There are other problems with TCP, such as
slow start being, well, slow to converge on high-BDP networks,
bad performance in the face of random packet loss (e.g., TCP over Wi-Fi),
congestion control algorithms being too conservative (IMO, not everyone needs to agree on the same congestion control protocol for it to work well, it just needs to converge to network conditions faster, better differentiate types of loss, and yield to fairness more quickly),
TCP features such as selective ACKs not being widely used,
default TCP socket settings sucking and requiring a lot of tuning to get right,
crap with NAT that can’t be circumvented at the user level (UDP-based stream protocols can do rendezvous connections to get around NAT), and more.
People write whole papers on all these things. Problem is most of the public research exists as a shitty academic papers you wouldn’t probably bother reading anyway, and most of the people actually studying this stuff in-depth and coming up with solutions are private researchers and engineers working for companies like Google.
The last paragraph is a good reason why there should be a “No BS guide to computer systems”. I bet I can show services at all layers of the OSI stack and really go into details. The sockets are pretty cool.
pjscott describes the crypto stack in just one sentence:
Their crypto stuff looks pretty reasonable. Key exchange uses ECDH with either the P-256 or curve25519 polynomials. Once the session key is established, it’s encrypted with AES-128 and authenticated with either GCM or HMAC-SHA256. None of this is implemented yet, but it’s at least cause for hope.
latitude also gives other considerations about doing crypto over the Internet.
I’ll tell you a dirty little secret of the protocol design.

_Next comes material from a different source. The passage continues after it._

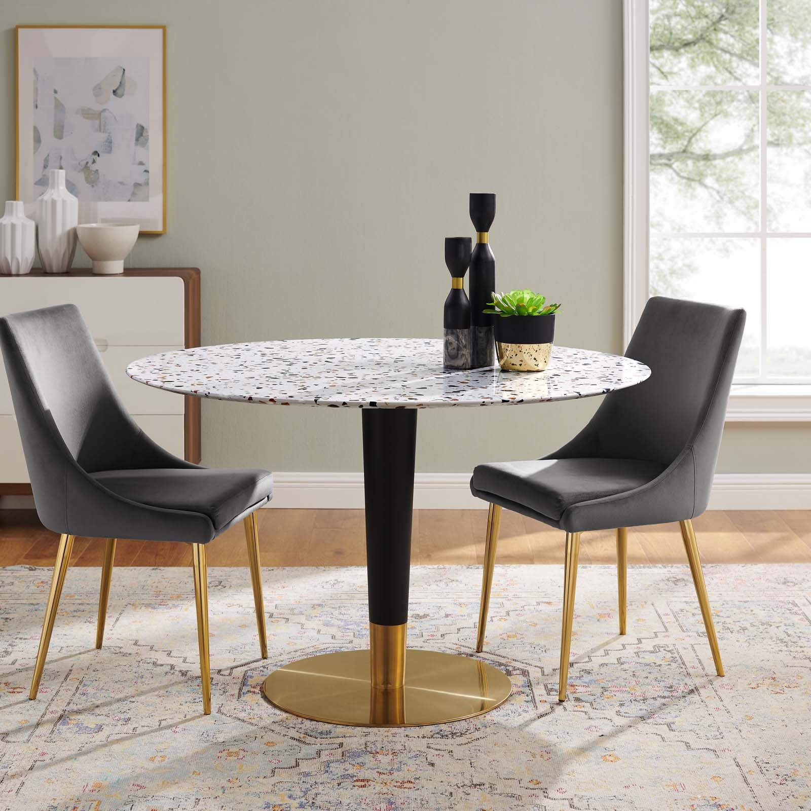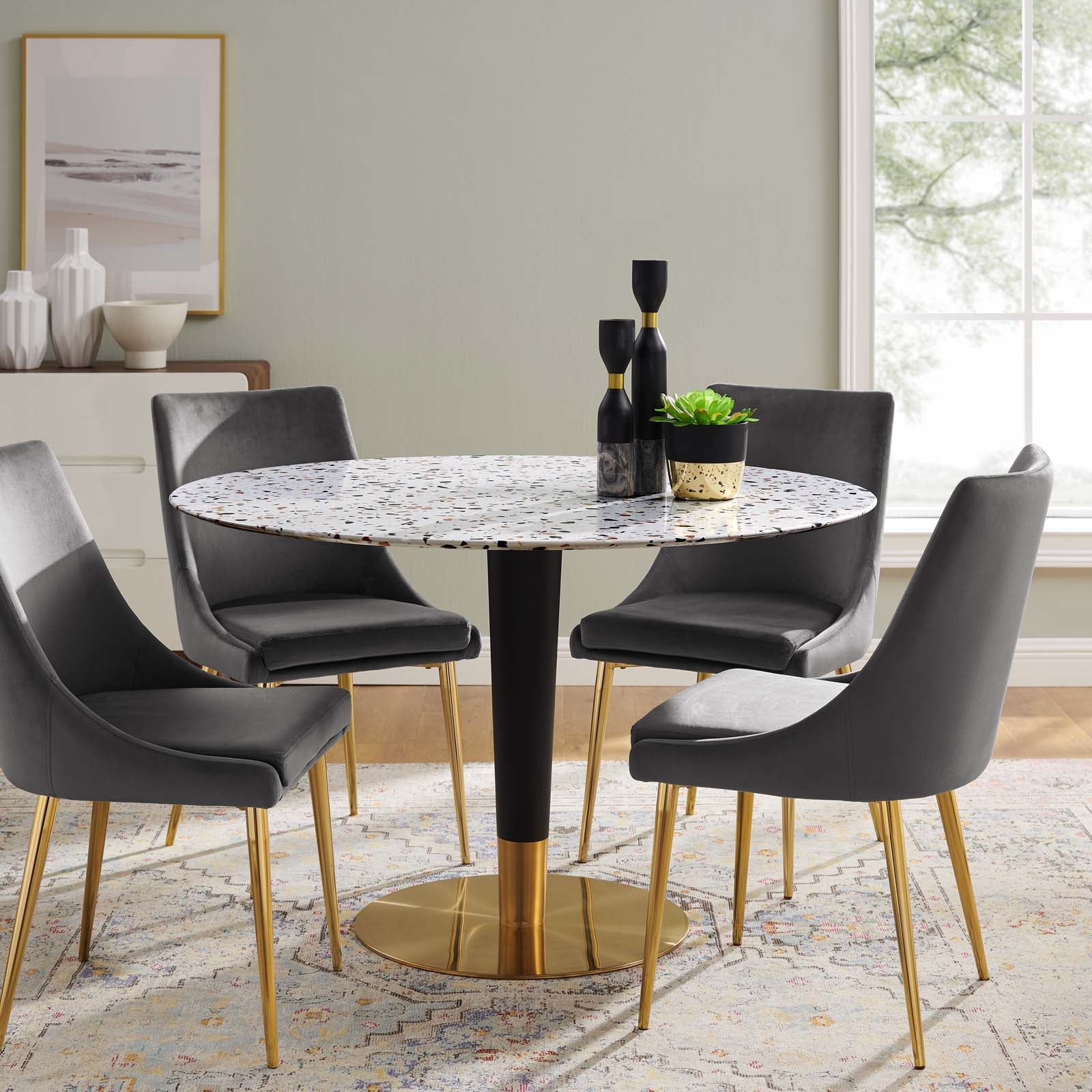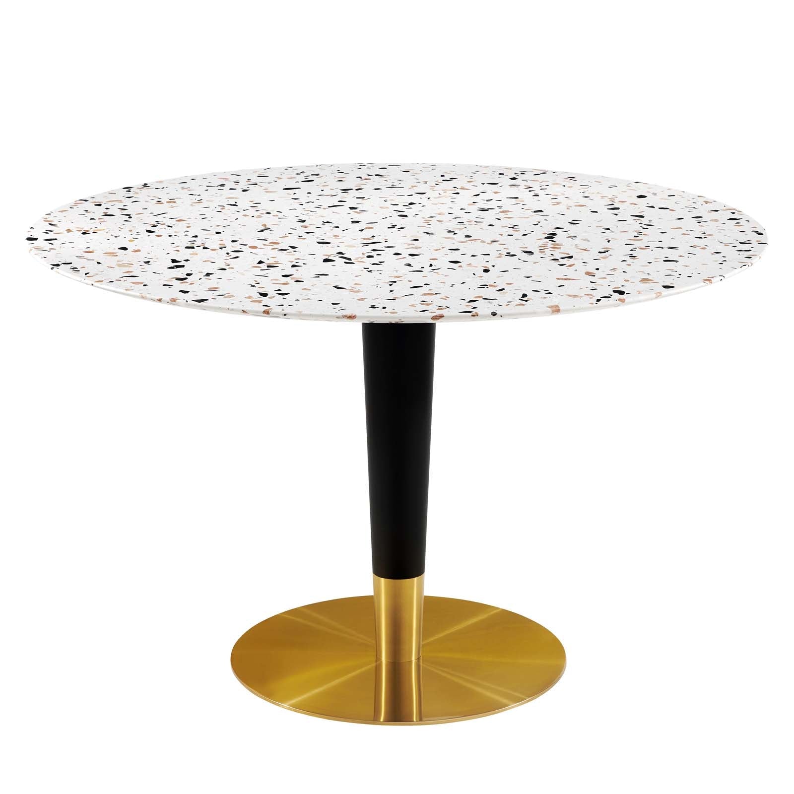 Zinque 47" Round Terrazzo Dining Table Gold White EEI-5732-GLD-WHI

Say, you want to design a protocol with reliable delivery and/or loss detection. You will then have ACKs, send window and retransmissions. Guess what? If you don’t follow windowing semantics of TCP, then one of two things will happen on saturated links – either TCP will end up with all the bandwidth or you will.
So – surprise! – you have no choice but to design a TCP clone.
That said, there is a fundamental problem with TCP, when it’s used for carrying secure connections. Since TCP acts as a pure transport protocol, it has no per-packet authentication and so any connection can be trivially DoS’d with a single fake FIN or RST packet. There are ways to solve this, e.g. by reversing the TCP and security layers and running TCP over ESP-over-UDP or TLS-over-UDP (OpenVPN protocol). This requires either writing a user-space TCP library or doing some nasty tunneling at the kernel level, but even as cumbersome as this is, it’s still not a reason enough to re-invent the wheel. Also, if you want compression, it’s readily available in TLS or as a part of IPsec stack (IPcomp). If you want FEC, same thing – just add a custom transform to TLS and let the client and server negotiate if to use it or not.
I mean, every network programmer invents a protocol or two in his lifetime. It’s like a right of passage and it’s really not a big deal.
I learned stuff today. I hope you guys learned something too.